Q: In the past couple of weeks, I’ve been awakened by the singing of birds long before even the crack of dawn. What’s going on, what kind of birds are these and how long will this continue?
C.B., of Belleville
A: Looks like I need to have a word with you, Casey: earbuds. (Or maybe a nice white-noise machine.) Mother Nature is waking up from her winter slumbers, so if this early-morning warbling isn’t music to your ears, you’ll have to find another way to overpower your avian symphony. It’s an annual rite of spring that likely will continue right through the summer, according to one of my very favorite bird brains, Trudy Moore at Wild Birds Unlimited in Swansea.
“They’re starting to get frisky,” she said. “The birds know spring is coming, so they’re getting ready to find a mate and pair up and make a nest and have babies and do their thing. If you watch closely (although probably not at 4 a.m.) some of the birds are starting to exhibit mating behavior. Just the other day I watched a pair of cardinals feeding each other, which is a sign of courting. So this is very normal.”

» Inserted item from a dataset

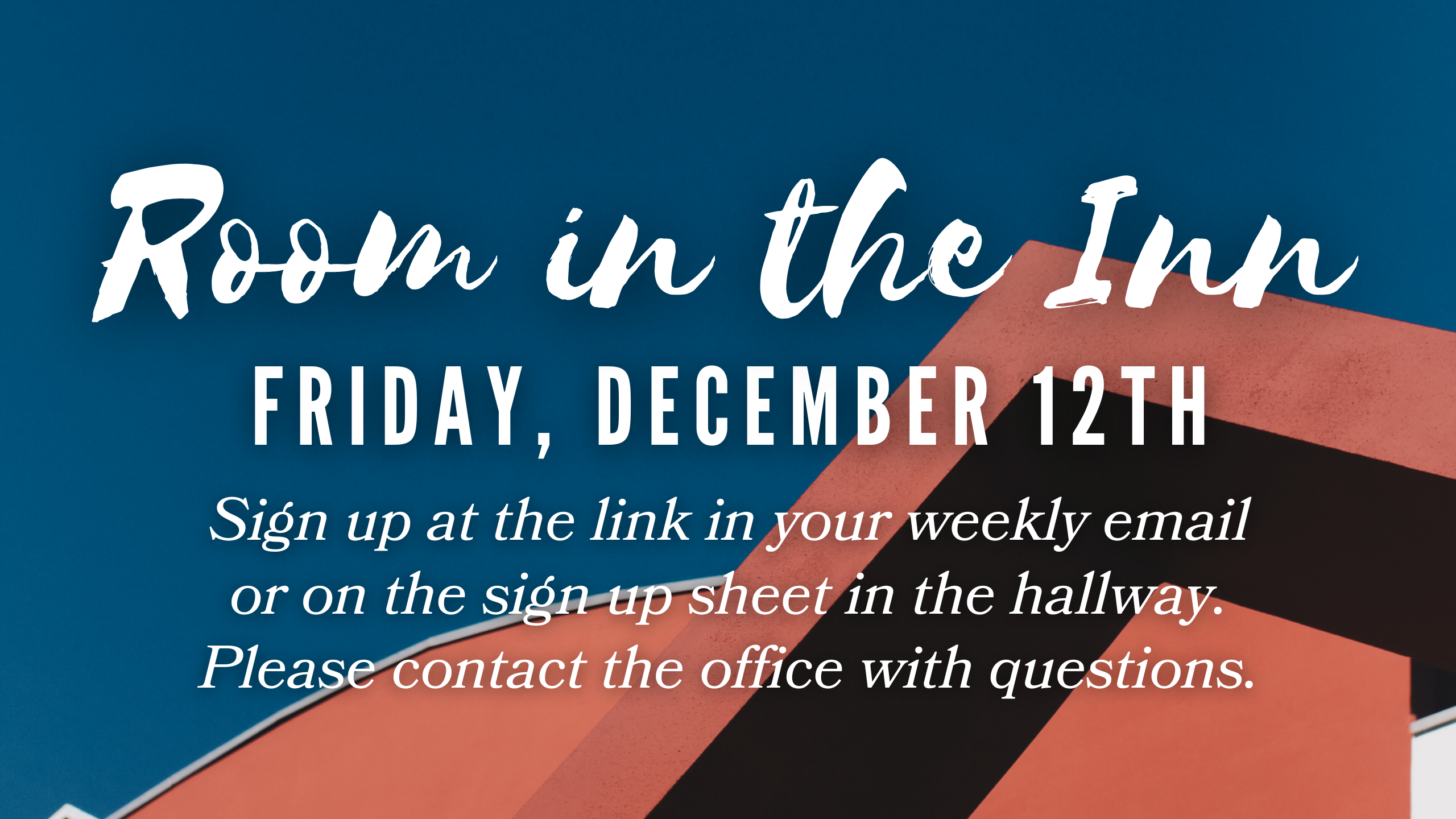 Brookmeade will provide overnight shelter & supper for persons living on the cold streets of Nashville on Friday, Dec. 12th @ 5:30 PM. We need volunteers to make this happen! Brookmeade participants in the RITI ministry in past years have always found it to be a deeply enriching experience. Please help in providing meals & other services via the signup link in your weekly email or the paper signup sheet located in the long hallway of the church. Heartfelt thanks in advance to all who volunteer to help the unsheltered of Nashville living on the streets during the Christmas season. Please contact the church office with any questions!

As for the type of birds you’re hearing, Moore says goldfinches, for example, are starting to get their yellow color back for spring. Just in time for spring training, it also might be relatives of those cardinals Moore saw or perhaps titmice or Carolina wrens.
“The closer to spring we get, the more he’s going to hear things like that,” Moore said. “Each bird has a different time to nest, so it could start now and go mostly through the summer, but it’s just nice to hear the birds singing to you.”
Or not. But although you may think the cacophony is for the birds, Moore reminds people that this is an important time of year to keep their outdoor feeders well stocked.
“The more nutrition they can get easily, the more they don’t have to waste energy finding food. Then, they can concentrate on picking a mate, finding a nesting spot and getting good, healthy eggs.”
That way you can help them come back and bother you next year.
Learn about Islam: Seems to me, at least, that one thing many of us could benefit from is deeper insight into Islam to better deal with widespread misinformation and prejudices. After my recent column on a Muslim immigrant who became an American citizen and is now a member of a White House policy council, Cathy Stoltz told me that the King’s House in Belleville is offering a six-week series on “Christian & Islamic Theology.” The first session was this week, but you’re invited to view videos and join in the discussion from 10 a.m. to noon on Tuesdays now through April 12 at the retreat center, 700 N. 66th St. For more information, go to www.kingsretreatcenter.org or call 397-0584.
Do you remember the name of the space-age song that kept “Limbo Rock” from hitting No. 1 in 1962? (It also holds the distinction of being the first No. 1 song in the United States by a British group.)
Answer to Friday’s trivia: Remember Chubby Checker asking you, “How low can you go?” when he had us all doing the “Limbo Rock” in 1962? Turns out he was popularizing a dance that had become a mainstay at funeral wakes in Trinidad and Tobago. According to one account, the dance was done for nine days after a death with the limbo bar being placed higher each night to suggest that the dead person’s soul was rising toward heaven. The ninth night was declared victory night, signifying life’s win over death. Some say the dance originally may have portrayed surviving transport to Trinidad on slave ships, on which there was not enough room to stand upright in the hold between the floor and the upper deck.